:: Dataset excerpts ::
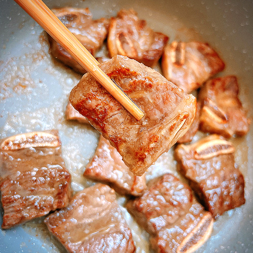 这样的牛仔骨在入锅煎制的过程中,油份会均匀渗入到瘦肉中,吃起来才会不肥不腻、不干不柴,而又鲜嫩可口。
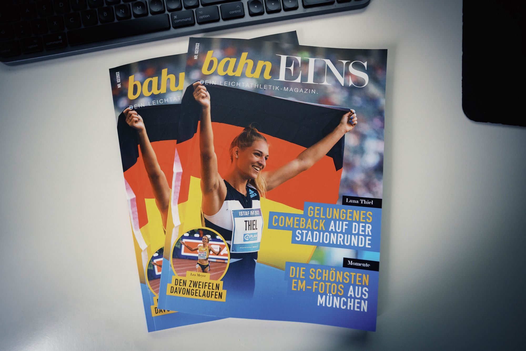 Nach der Erstausgabe Anfang August diesen Jahres ist Mitte November die zweite Magazinausgabe erschienen. Erneut hat das derzeit siebenköpfige Team eine ansprechende Auswahl an Athletenporträts und -geschichten sowie tolle Impressionen und Momente vergangener großartiger Leichtathletik-Events auf 100 Seiten zusammengestellt. Neben spannenden Porträts über 400m-Sprinterin Luna Thiel, die sich nach zwei schwierigen Jahren eindrucksvoll auf der Stadionrunde zurückgemeldet hat, Mittelstreckenläuferin Hanna Klein, die besonders vielseitig unterwegs ist, gibt es zudem ein Porträt über die Para-Sportlerin und Rennrollstuhlfahrerin Merle Menje. Besonders lesenswert ist außerdem eine ausführliche Story über Lea Meyer, die im August in München überraschende Vize-Europameisterin im 3000m-Hindernislauf wurde. Im Magazin zu finden ist auch ein großes Interview mit Speerwurf-Europameister Julian Weber. Abgerundet wird die zweite Ausgabe von bahnEINS wieder mit vielen tollen Fotos, unter anderem mit zwei Bildstrecken zu den Leichtathletik-Europameisterschaften 2022 in München sowie dem krönenden Saisonabschluss beim ISTAF 2022 im Berliner Olympiastadion. Premiere feiert im bahnEINS-Magazin indes die Kolumne „MAXimale Leidenschaft“ von und mit Mittel- und Langstreckenspezialist Maximilian Thorwirth.
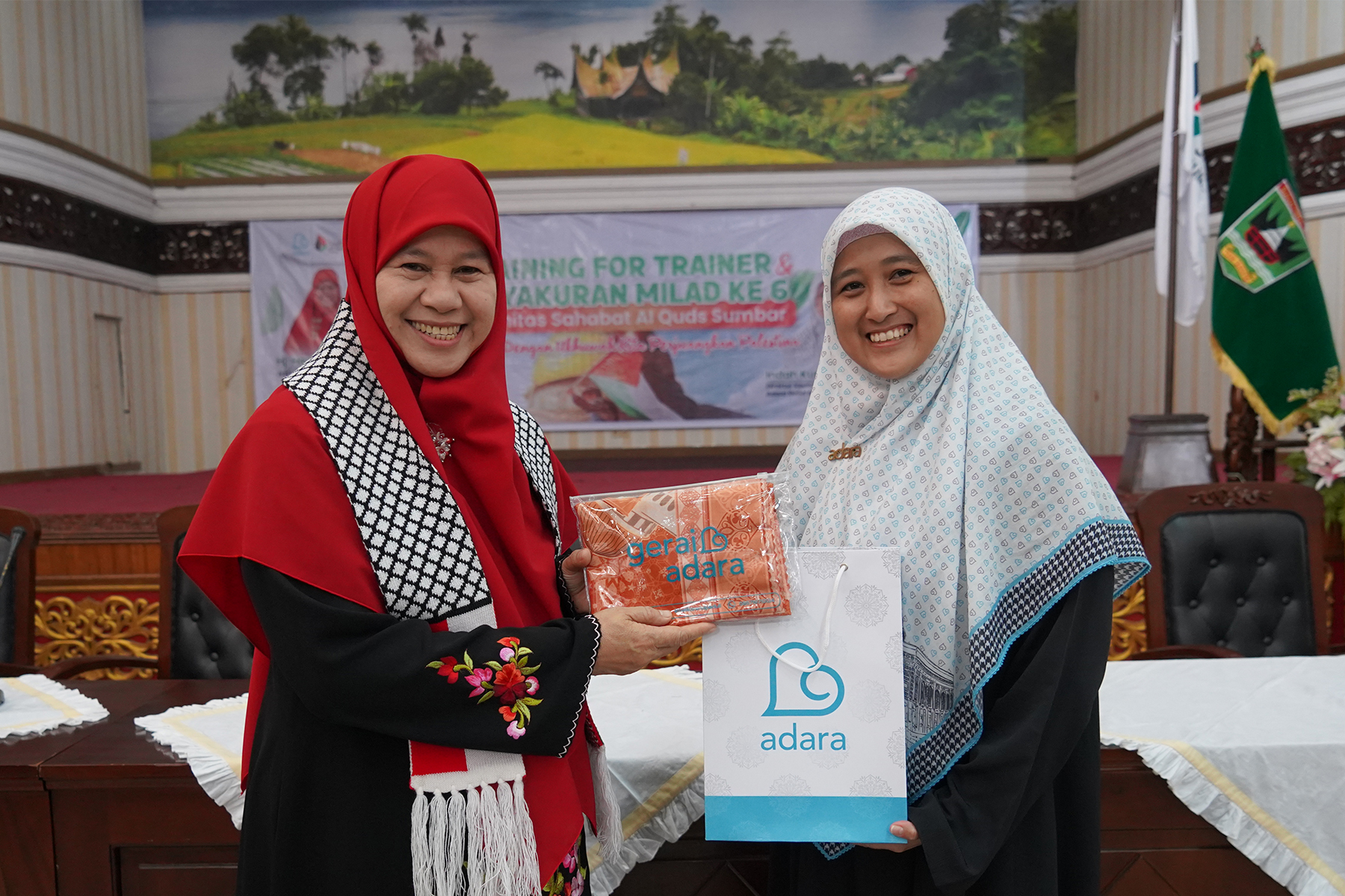 Padang — 6-7 Januari 2024, Adara Relief International bersama Komunitas Sahabat Al-Quds Sumbar (KSQ) menjalankan Training for Trainer sekaligus Tasyakur Milad Ke-6 KSQ Sumbar dengan tema “Untuk dan Dengan Ukhuwah Kita Perjuangkan Palestina”. Istri Gubernur Sumatera Barat Harneli Bahar turut hadir memberikan sambutan dan kalimat penguat.
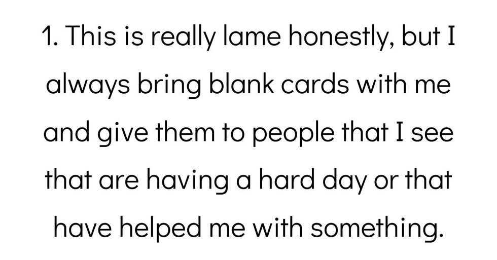 This is really lame honestly, but I always bring blank cards with me and give them to people that I see that are having a hard day or that have helped me with something.
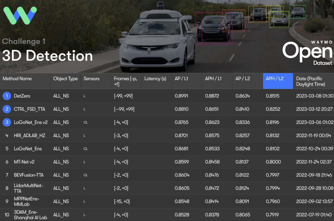 Waymo 3D跟踪排行榜,*表示匿名提交结果
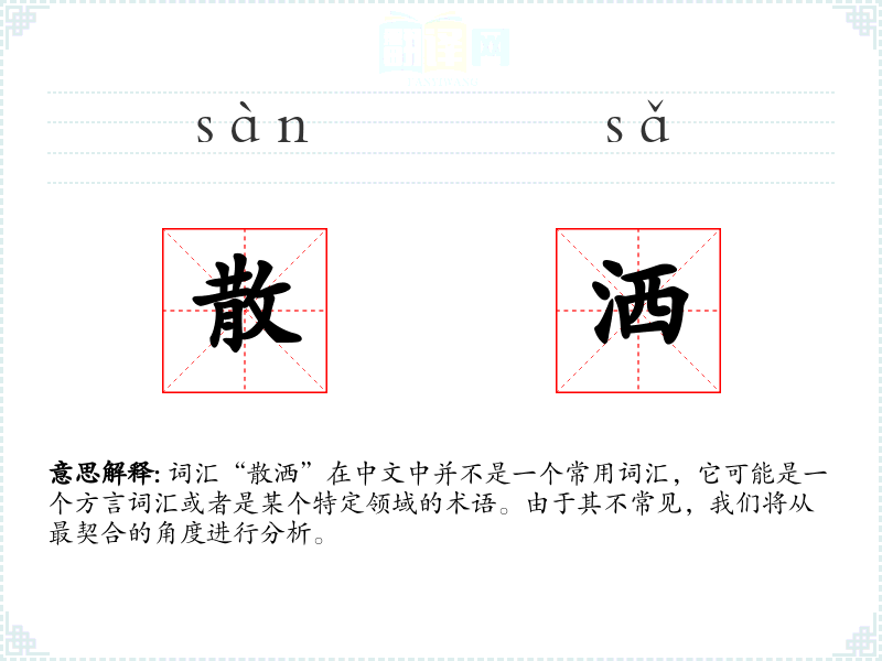 词汇“散洒”在中文中并不是一个常用词汇,它可能是一个方言词汇或者是某个特定领域的术语。由于其不常见,我们将从最契合的角度进行分析。
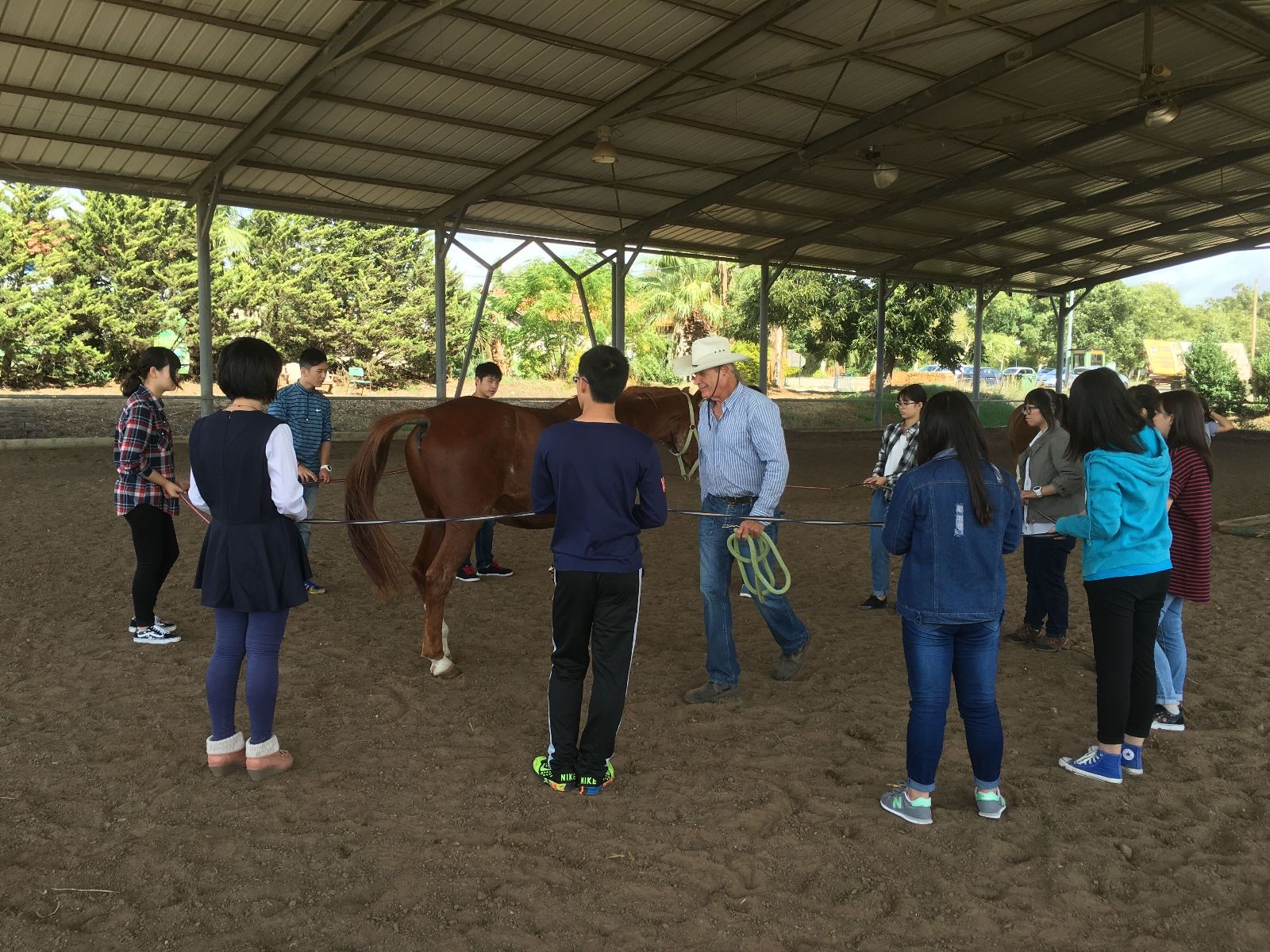 为让同学们尽快适应在以色列的学习生活,以方教师Mike为同学们上了一堂有趣的驯马课,让我方学生很快就融入以色列课堂,提问答疑,积极互动。在教学实践环节,我方学生参观以色列的大型牛场、学校牛场和家庭牛场,在学习牛病防治,牛类繁殖与管理,牛奶品质管理后,和以方学生一起投入到牛场一线工作中。虽然语言上我方学生与对方学生的交流沟通有些障碍,但是同学耐下心来,努力学习,踏实肯干,打扫牛棚,挤奶,喂食小牛,很快就可以熟练操作,受到了对方教师的好评。
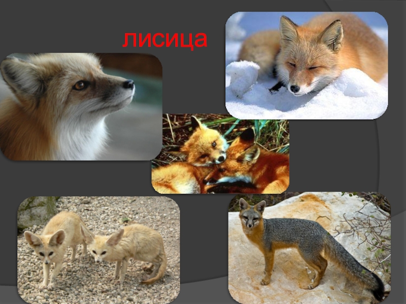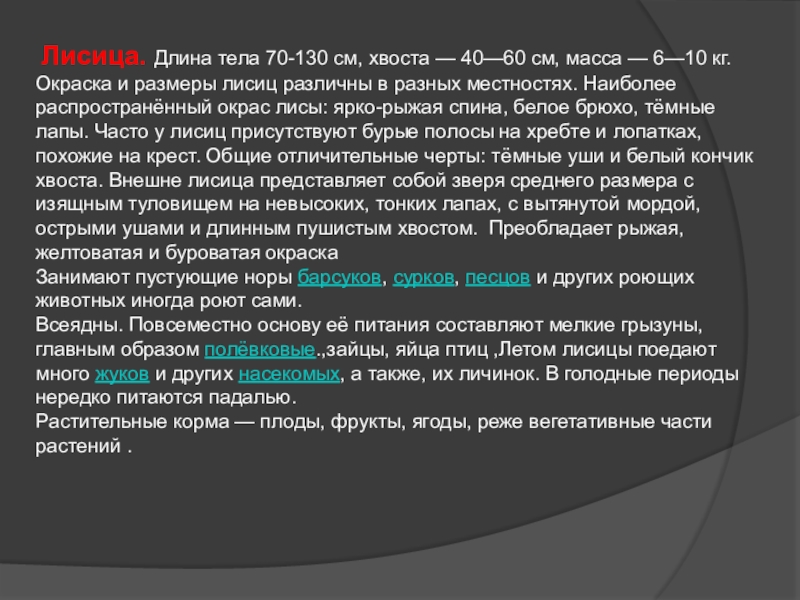 Слайд 19 Лисица. Длина тела 70-130 см, хвоста — 40—60 см, масса — 6—10 кг. Окраска и размеры
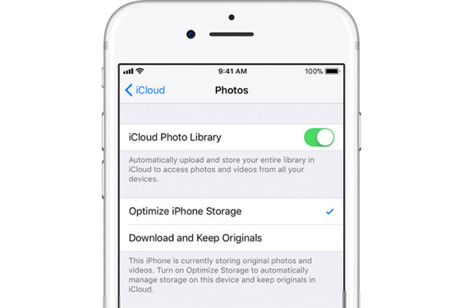 Sau đó tìm kiếm tính năng Optimize iPhone Storage và đảm bảo rằng nó được chọn để iCloud biết người dùng đang sử dụng nó nhằm giải phóng dung lượng. Tương tự như vậy, hãy chắc chắn rằng Download and Keep Originals không được chọn.
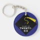 Llaverito de recuerdo de graduación creativo con gorra de graduación negra y borla dorada sobre fondo azul. Para personalizar, edite el texto para cambiar el año de la clase de graduados.
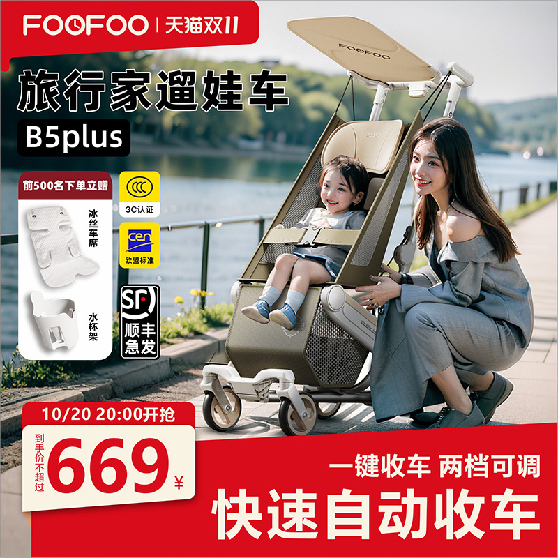 FOOFOO旅行家口袋推车婴儿车轻便可折叠一键收车宝宝儿童溜娃神器
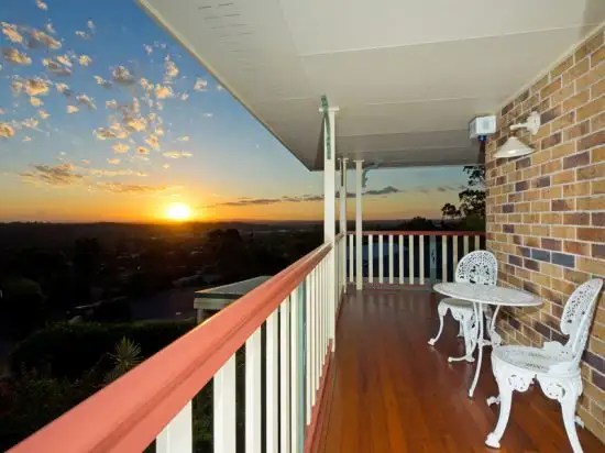 To the left of the entrance hall is a large formal lounge and dining area. On one side, a bay window looks south to the mountains of Lamington National Park,, a spectacular view. The West side has egress to the balcony and BBQ area, with more views West to the Great Dividing ranges.
:::
Exact lines, nothing more: output the one with "为让同学们尽快适应在以色列的" and every later line through the end of the data, skipping pictures.

 为让同学们尽快适应在以色列的学习生活,以方教师Mike为同学们上了一堂有趣的驯马课,让我方学生很快就融入以色列课堂,提问答疑,积极互动。在教学实践环节,我方学生参观以色列的大型牛场、学校牛场和家庭牛场,在学习牛病防治,牛类繁殖与管理,牛奶品质管理后,和以方学生一起投入到牛场一线工作中。虽然语言上我方学生与对方学生的交流沟通有些障碍,但是同学耐下心来,努力学习,踏实肯干,打扫牛棚,挤奶,喂食小牛,很快就可以熟练操作,受到了对方教师的好评。
 Слайд 19 Лисица. Длина тела 70-130 см, хвоста — 40—60 см, масса — 6—10 кг. Окраска и размеры
 Sau đó tìm kiếm tính năng Optimize iPhone Storage và đảm bảo rằng nó được chọn để iCloud biết người dùng đang sử dụng nó nhằm giải phóng dung lượng. Tương tự như vậy, hãy chắc chắn rằng Download and Keep Originals không được chọn.
 Llaverito de recuerdo de graduación creativo con gorra de graduación negra y borla dorada sobre fondo azul. Para personalizar, edite el texto para cambiar el año de la clase de graduados.
 FOOFOO旅行家口袋推车婴儿车轻便可折叠一键收车宝宝儿童溜娃神器
 To the left of the entrance hall is a large formal lounge and dining area. On one side, a bay window looks south to the mountains of Lamington National Park,, a spectacular view. The West side has egress to the balcony and BBQ area, with more views West to the Great Dividing ranges.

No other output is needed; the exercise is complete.